Social network analysis reveals the nodes and their connections. Yes. “The nodes in the network are the people and groups while the links show relationships or flows between the nodes.” Great. What about the things that support the nodes and their ability to make connections. This is the field of the network, and it functions as an energetic even magnetic space that impacts the network in profound ways. We are defined not only by the positive space of our presence and the relationships we bear to each other, but also the space between us, the “negative space” referred to in art class.

If you want to change the configuration of the social network map, changing behavior is one avenue, but it is often difficult to encourage and enforce. Another option is to change the environment. It can be easier, perhaps, to find levers for change in this layer.

So when I talk about field-building, I am talking about that space–the environment of the network. Created by convening events, participating in dialogs, creating avenues to disperse messages, refining the language and frames of the network and its purpose.

Ornet.com network image

World We Want revisited

Over at the World We Want blog last year, I responded to a post with an essay on the World I Want. It received feedback.

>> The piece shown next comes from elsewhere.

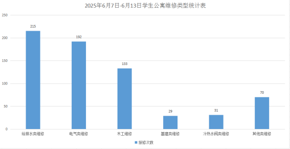 2025年6月7日-13日学生公寓共接单670单,其中给排水类215单、电气类192单、木工类133单、基建类29单、冷热水阀31单、其他类70单,已完工657单,完工率98.06%,余13单在维修中。坚持对学生公寓84间配电房, 178个电表箱,2个水泵房日常巡检。

I want to revisit that. Draft 2.

What is your vision of a better world?

Many revolutions converging to create a world with more honor, respect, and ecological/systems awareness.

What converges?

Convergence of improvements for global health. The eradication of major diseases. Small Pox down, Polio close, Measles next, then each one or even many simultaneously. And more and more of this being achieved by organizations working together as a global health community using more and more complex and responsive information tools. More safe drinking water made available through coordinated efforts using community-labor and resources along with global data tracking and local/global teams which share and transfer expertise. We begin to take care of the bottom of the Maslow pyramid for all people. Put a bottom under it so all people do really and truly have a chance to have dignity and health.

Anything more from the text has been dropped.